Prestigio de la ignorancia
¿Puede ser la ignorancia una materia prima para el progreso? Nadie lo hubiera imaginado hace años. Al menos hasta los tiempos de la acumulación capitalista o, al menos, hasta la época no muy lejana en que la prosperidad se asociaba con la metáfora de una cima o el trazo de una línea orientada hasta el vértice de una masa donde se apilaba la sabiduría y los elementos económicos de valor. Ahora, no obstante, el concepto de avance no aparece claramente unido al de una potencia acumulada, a una suma de energías arracimadas o a un depósito abastecido por la tradición. Cuando la sabiduría era tenida por una sabrosa nutrición y la ignorancia por ayuno, de la primera se esperaba el mayor brío, mientras de la segunda sólo la inanición. Estas nociones, sin embargo, han cambiado, mucho y de repente. El saber puede convertirse en un peso para avanzar; en una limitación para respirar con plenitud los beneficios de lo más nuevo. Simultáneamente, la ignorancia deja de ser una barrera para aprehender y puede presentarse como el estado propicio para capturar las novedades. La causa de esta notable mutación es, sobre todo, la fractura en la naturaleza del saber que, especialmente, la cultura audiovisual propone.
Mientras el libro constituía hasta hace poco la fuente primordial del conocimiento, y a más libros leídos correspondía una ilustración mayor, la ecuación en la contemporaneidad cambia el camino del silogismo. La forma de conocimiento a través de las pantallas, del televisor o del ordenador se parece poco al saber de los libros. Un niño que no haya leído ningún libro puede obtener de la pantalla un gran surtido de informaciones o sensaciones por una forma peculiar de absorción que requiere, por ejemplo, captar el significado de un golpe repentino y con una destreza que cohesiona los detalles. El tradicional aprendizaje por la escritura, descifrando signos sucesivos, contrasta con el aprendizaje a golpes de vista, pero es probable que el niño, habituado al televisor, cuando abra un libro trate de proceder igual y se decepcione con el resultado.
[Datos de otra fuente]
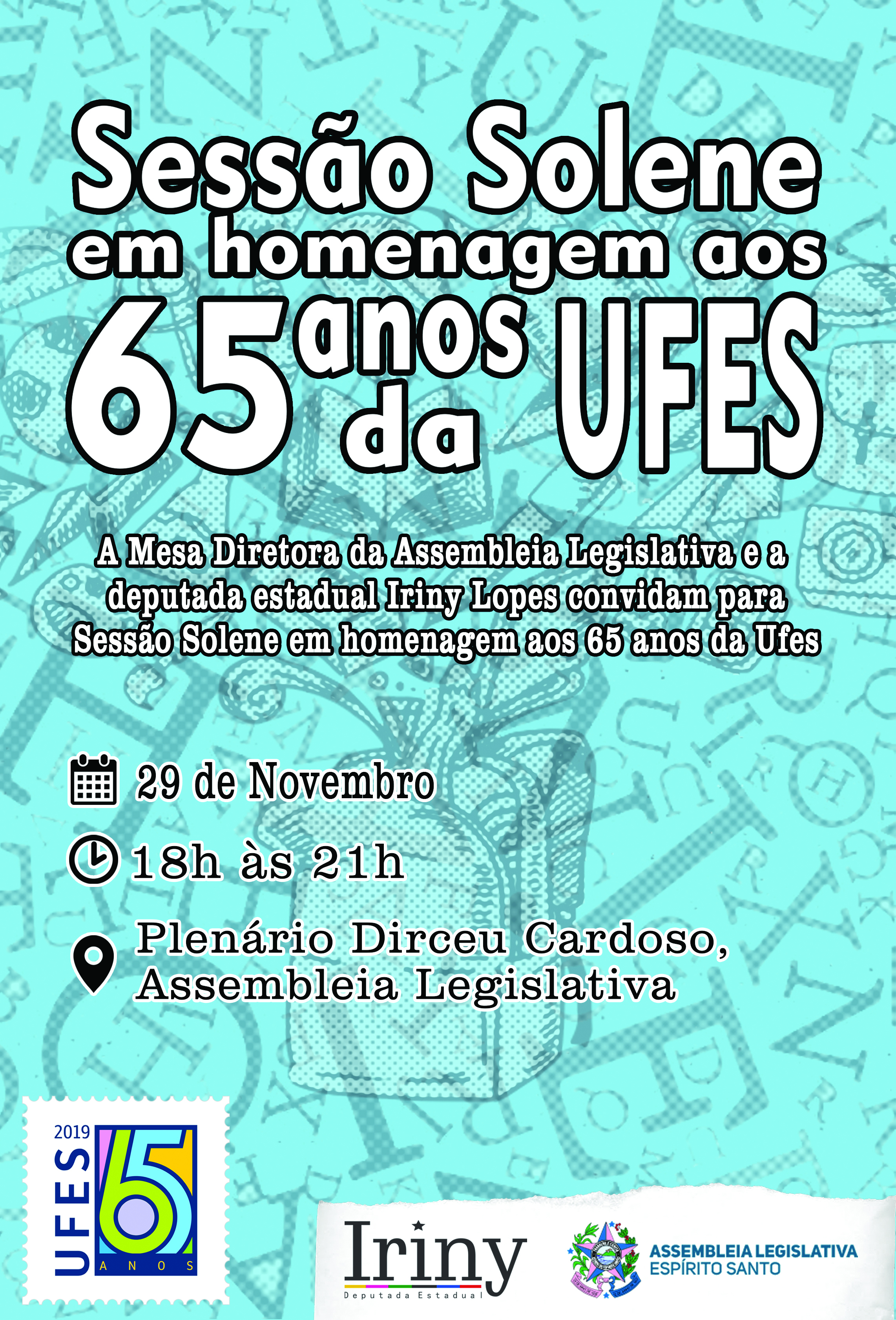 A Ufes será homenageada pelos seus 65 anos em sessão solene a ser realizada nesta sexta-feira, 29, às 18 horas, na Assembleia Legislativa do Espírito Santo. A homenagem foi proposta pela deputada estadual Iriny Lopes.

Inversamente, para su placer, el niño o el joven que no se haya formado como el adulto en un mundo impreso, logrará imprimirse mejor ante el mundo del televisor. Quien no se ha labrado una y otra vez su formación en la privacidad silenciosa de la lectura, ingresa mejor en el mundo colectivo o conectivo que propone hoy la televisión. Porque mientras la lectura conlleva el control sobre el libro, el televisor exige entregarse a su acción tanto sobre la mente como sobre el cuerpo; sobre el cuerpo principalmente, como han demostrado repetidamente los últimos experimentos de neurología.
Cuando se extendió el uso de las calculadoras, la generación educada en la artesanía de multiplicar, dividir u obtener raíces cuadradas tuvo un vértigo colectivo ¿Cómo se podía vivir a salvo sin haberse curtido en sumas como torres o en restas como trasatlánticos? ¿Cómo podía protegerse una sociedad sin la prueba del nueve o la salmodia de la aritmética fundacional? Se podía. Parecía imposible, pero no. De igual modo ahora, mientras esa generación ha seguido creyendo que el almacenamiento personal del saber era la única forma de asegurarse un futuro, aparece un individuo particularmente exento de saberes que confía en servirse de todo aquello imaginable apelando a la Red. Más aún: con los sistemas expertos mejorados -dice Kerckhoven, discípulo de McLuhan en La piel de la cultura (Gedisa)- ya no se necesitará siquiera ser experto en nada. La mejor disposición para el conocimiento futuro requerirá una ignorancia inteligente y tenaz, una mente despojada de tics y la mayor holgura posible entre su agnosia para ser cargada con el goteo de la novedad.